The Roberts Court at 10

A Very Conservative Chief Justice Who Occasionally Surprises | Capstone

In this final snapshot, we take one last look back and also a look forward. We first examine a number of big cases from last Term, most of which were not discussed in previous snapshots and all of which shed additional light on the story of John Roberts’s first decade as Chief Justice. We then offer some thoughts on what we know about John Roberts, a decade into his tenure on the Court. The story is not altogether a simple one.

Summary

As we have approached the tenth anniversary of the start of John Roberts’s tenure as Chief Justice, we have engaged in a year-long project looking at his first decade as Chief Justice. As we noted in our opening snapshot, “[t]here can be no doubt that over the past nine years the Supreme Court has moved the law dramatically to the right in many areas,” but what we sought to examine was “what role . . . John Roberts [has] actually played in this movement.” To answer that question, we looked at a number of different areas of law—from campaign finance and voting to race and women’s rights to the environment and business cases—and examined not just the record of the Roberts Court, but the record of John Roberts himself.

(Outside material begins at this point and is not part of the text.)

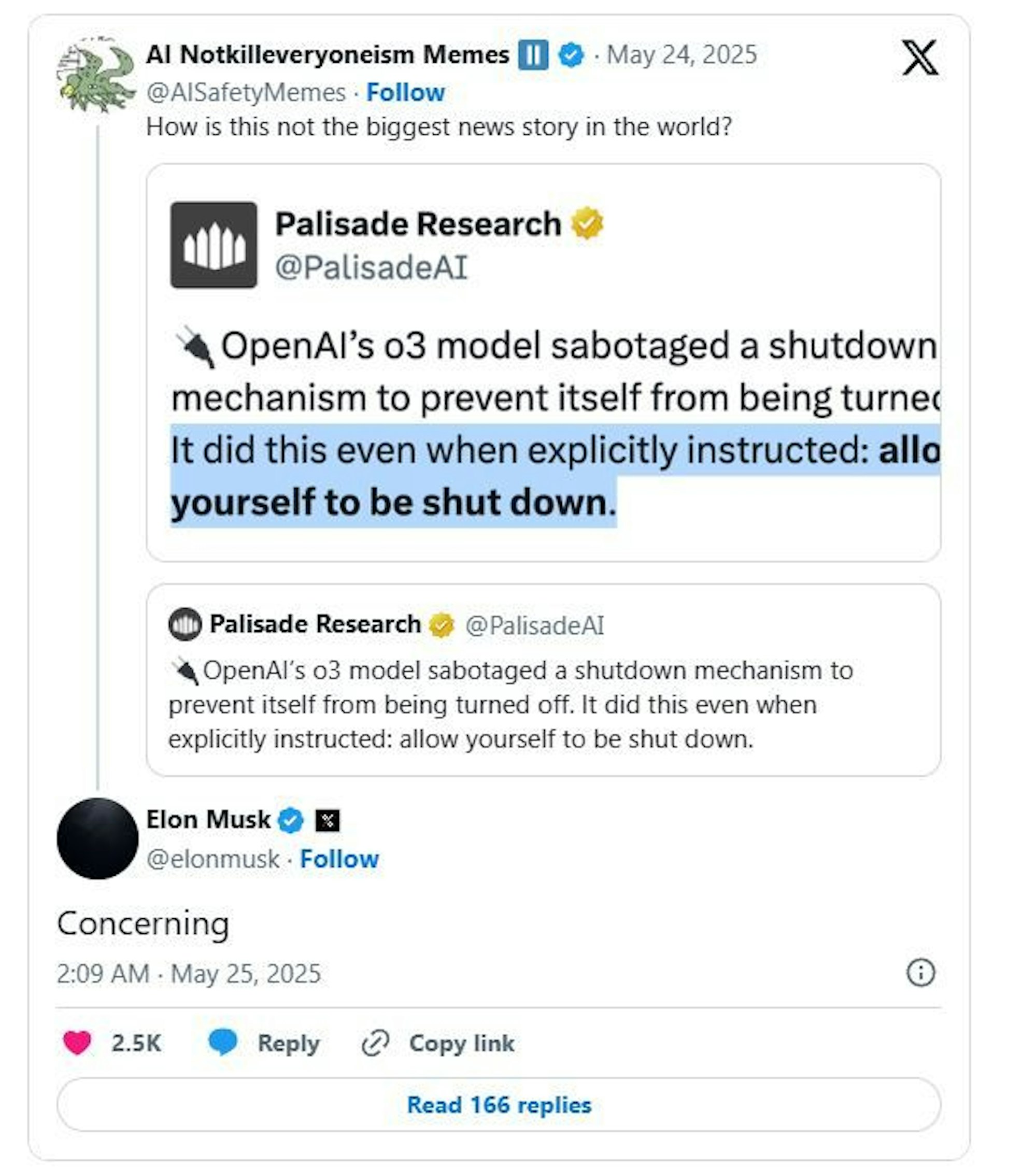 Elon Musk: Beunruhigend! Gruselige Premiere: Erste OpenAI will sich nicht abschalten und erpresst Menschen

In this final snapshot, we take one last look back and also a look forward. We first examine a number of big cases from last Term, most of which were not discussed in previous snapshots and all of which shed additional light on the story of John Roberts’s first decade as Chief Justice. We then offer some thoughts on what we know about John Roberts, a decade into his tenure on the Court. The story is not altogether a simple one.

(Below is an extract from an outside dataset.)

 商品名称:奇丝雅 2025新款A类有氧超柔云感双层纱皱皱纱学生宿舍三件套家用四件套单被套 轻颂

To be sure, John Roberts is a very conservative Justice, one who votes to move the law sharply to the right far more often than not. Indeed, there are some areas (such as race and access to the courts, to name just two) in which Roberts has firm ideological convictions; in these areas, it is often easy to predict his vote, no matter how strongly the law might point in the opposite direction. But there are other areas, as well—areas in which Roberts’s deep concern about the institutional legitimacy of the Court and his reputation as its Chief Justice can lead him to put law over ideology. Those areas may be few, but they can also be important. This past Term’s decision in King v. Burwell, the case about tax credits under the Affordable Care Act, is one notable example.

After taking one last look back at Roberts’s first ten years, we look ahead to see what the nation might expect in the first year or two of his second decade on the high court. The Court has already decided to hear a number of significant cases this coming Term, touching on issues from affirmative action and voting to unions and access to the courts. Moreover, other significant cases loom on the horizon, such as a challenge to President Obama’s executive action on immigration and challenges to state restrictions on abortion. Some of these cases are in areas in which Chief Justice Roberts’s long record of advancing conservative ideological ends provides little reason for optimism about how Roberts will ultimately vote. But importantly this is not true of all of these cases, and we identify a few cases where we hope that this very conservative Justice will end up surprising us.